Work to complete
In the listing that follows, give every line again exactly and omit the pictures.

Data
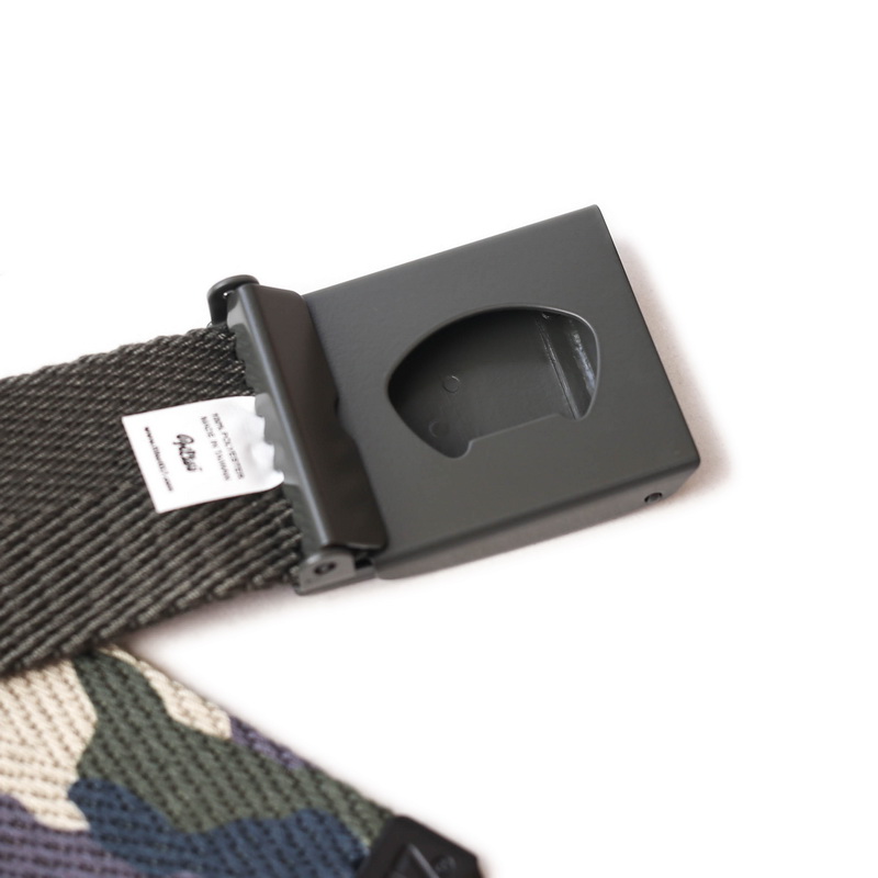 經典百搭的軍綠與迷彩配色,打造出帆布腰帶的休閒簡約風格及穿搭層次。
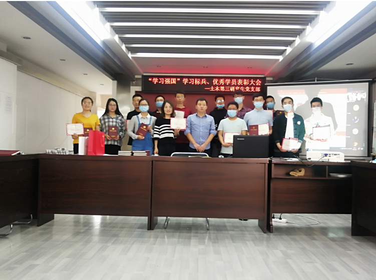 为进一步推动“学习强国”工作的深入有效开展,激发大家持续学习的热情,土木第三研究生党支部5月5日下午15:00在岩土学科会议室开展了“学习强国”学习标兵、优秀学员表彰活动。会议由支部书记何斌同志主持,共有在校和以线上形式的党员43名同志参加。
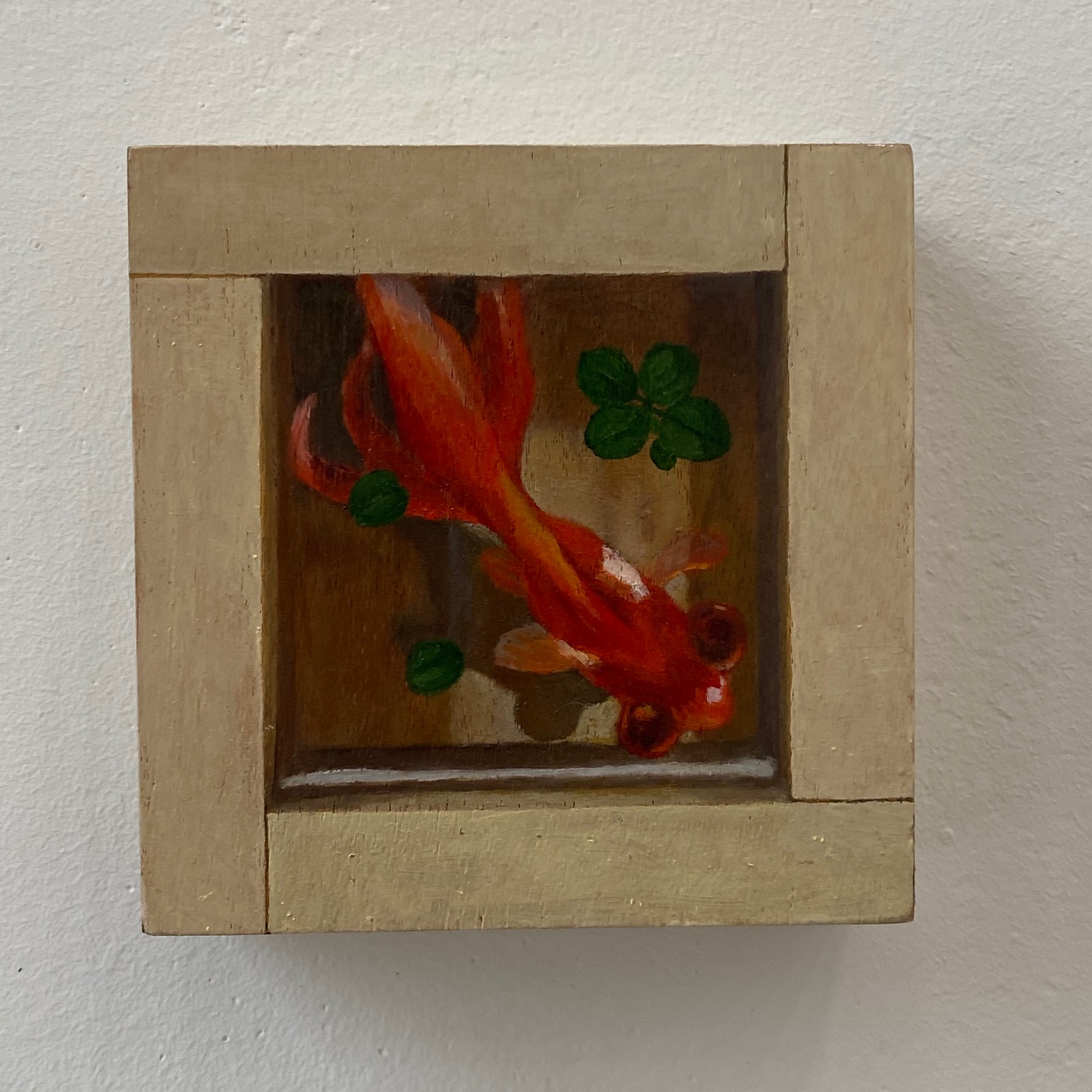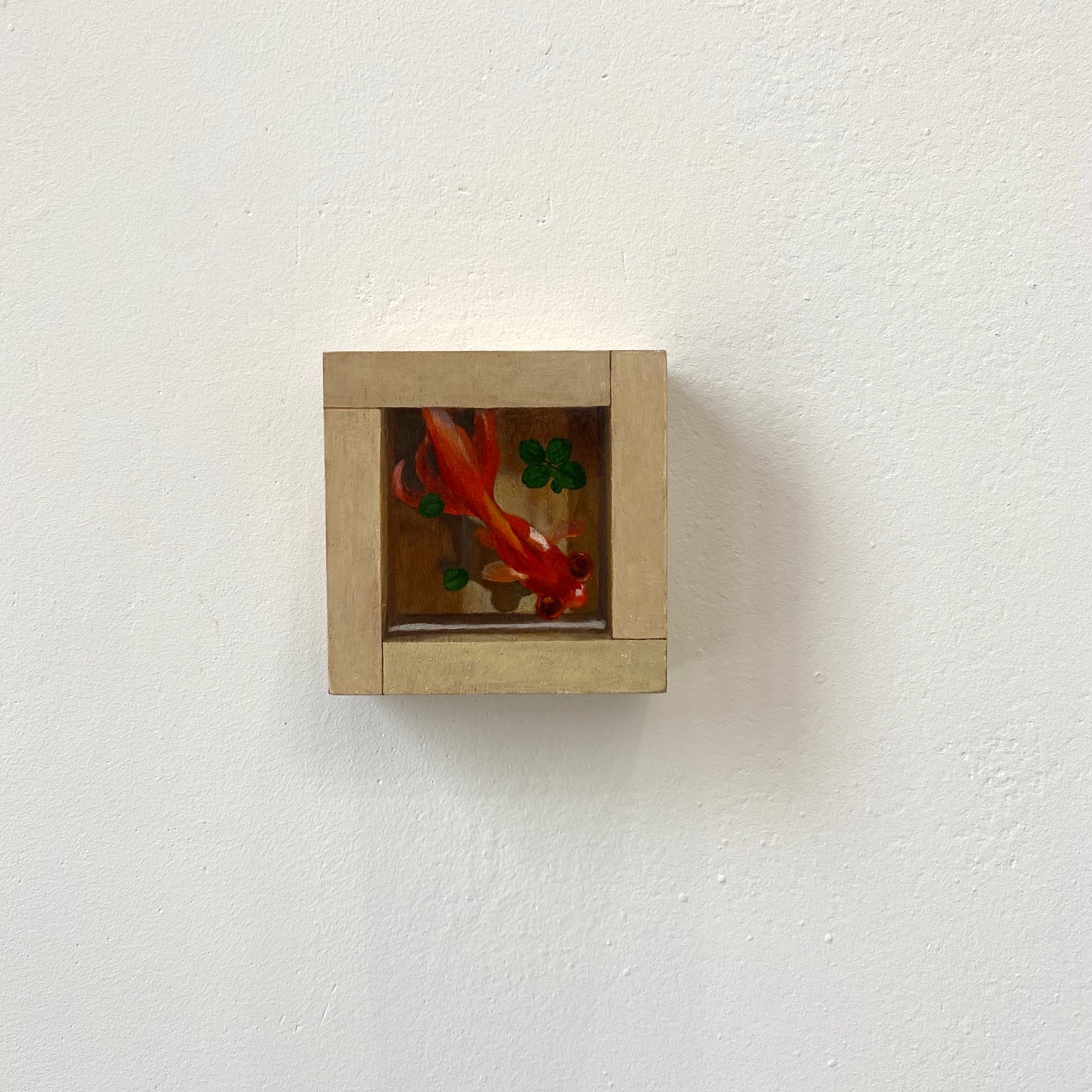 "Every caring goldfishes owner cleans their fish tank often so usually their goldfishes have temporary houses. In Japan it's usually everyday housewares like bowls, and cups. In this case, Masu, a Japanese wooden cubic measure container." -Natsumi Goldfish

Output for this task
 經典百搭的軍綠與迷彩配色,打造出帆布腰帶的休閒簡約風格及穿搭層次。
 为进一步推动“学习强国”工作的深入有效开展,激发大家持续学习的热情,土木第三研究生党支部5月5日下午15:00在岩土学科会议室开展了“学习强国”学习标兵、优秀学员表彰活动。会议由支部书记何斌同志主持,共有在校和以线上形式的党员43名同志参加。
 "Every caring goldfishes owner cleans their fish tank often so usually their goldfishes have temporary houses. In Japan it's usually everyday housewares like bowls, and cups. In this case, Masu, a Japanese wooden cubic measure container." -Natsumi Goldfish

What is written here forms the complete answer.